Groove vs. OneNote
I had a chance to participate in Microsoft Office System Webcast: Tips and Tricks for Groove 2007, Provide Anywhere, Anytime Access to People and Information (Level 100) delivered by Paul Cannon, Microsoft Groove Product Manager, on 09/16/2008 and help out in answering questions in the background. Paul did a great job in delivering a lot of useful information in one short hour and made it very interesting. During the session, there was a question on Groove vs. OneNote which I thought is something worth further discussion.
Based on the story I have heard, OneNote is a Microsoft home-grown product developed due to the need for a tool to quickly and easily capture, organize, and share information from meetings. OneNote to me is an effective tool for digital notes taking. I love and use it very extensively to organization the mass amount of information I need to manage everyday on meetings minutes, status reports, research and drafts, presentation story-boarding, my technical notes, personal journals, important emails, etc. In OneNote 2007, many functions and capabilities are added including sharing information and working with others, and it appears there is some overlap between OneNote and Groove which can share files as well.

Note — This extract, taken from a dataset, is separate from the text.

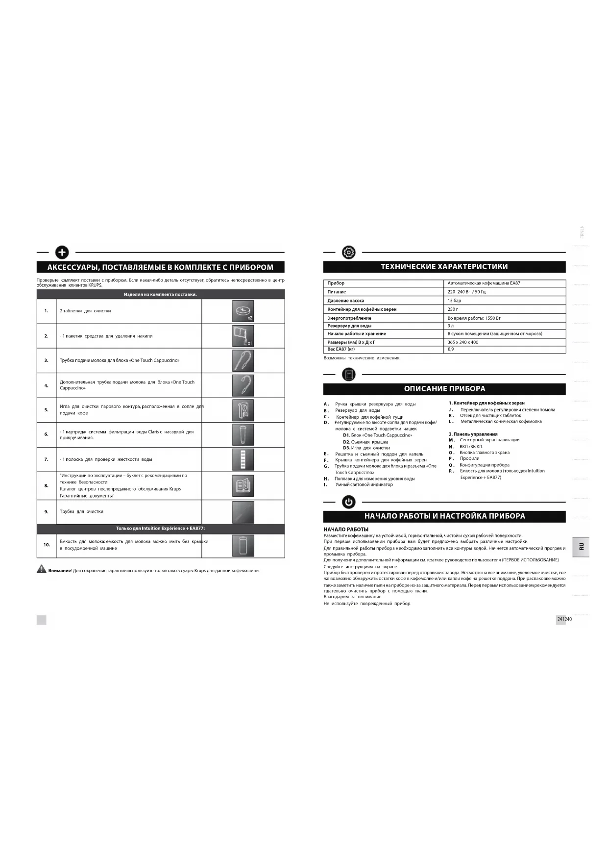 ВАЖНАЯ ИНФОРМАЦИЯ О ПРОДУКТЕ Перед первым использованием прибора внимательно прочитайте инструкцию по эксплуатации и брошюру «Инструкции по технике безопасности» и сохраните ее: неправильное использование снимает с компании KRUPS любую ответственность.241240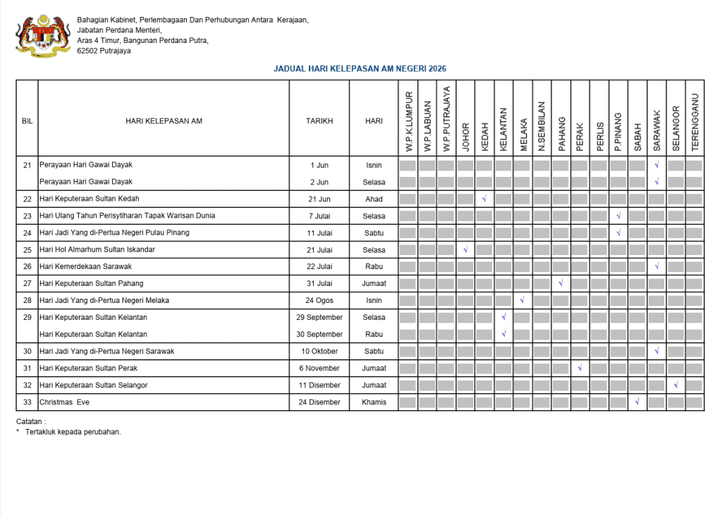 Berikut pula dikongsikan senarai penuh tarikh-tarikh cuti umum bagi tahun 2026 untuk setiap negeri di Malaysia seperti yang dikongsikan oleh Jabatan Perdana Menteri melalui www.kabinet.gov.my/hari-kelepasan-am/

One important distinction between OneNote and Groove is the fundamental issue each is trying to address. Fundamentally, OneNote is for (digital) notes taking while Groove is for collaboration. I imagine the originally design focuses or requirements, between OneNote and Groove, must be noticeably different. The ease of information capturing is, in my view, a main focus on notes taking, while seamless content synchronization is essential to collaboration. Taking notes does not necessarily imply information sharing or teamwork, while collaboration suggests there is something in common or synchronized among the team members.
I see taking and sharing notes are not necessarily the same with collaboratively developing contents. Further sharing information is one activity in collaboration, while collaboration is much more than just information sharing. Collaboration is about establishing common operating picture as it is frequently stated in the context of emergency management and military operations. Collaboration is a state and not simply a shareable file or a deliverable system. When I say Groove is for collaboration, I mean Groove is a solution to facilitate all members of a team to reach a state that is situation-aware and informed decisions can be made accordingly. It has much to do with sharing and communications. It is also about knowing, sharing, and discussing what happens, when it happens, what to do with it, who to do it, and how all within a relevant context. For all these needs, Groove offers out-of-box capabilities including presence awareness, automatically data synchronization, always-on encryption, workspace tools, instant messaging, VoIP, SharePoint and InfoPath integration, API, and SDK.
This is not to suggest, between Groove and OneNote, one is better than the other. I see they are simply trying to solve different business problems and should be employed accordingly to maximize an information worker’s productivity.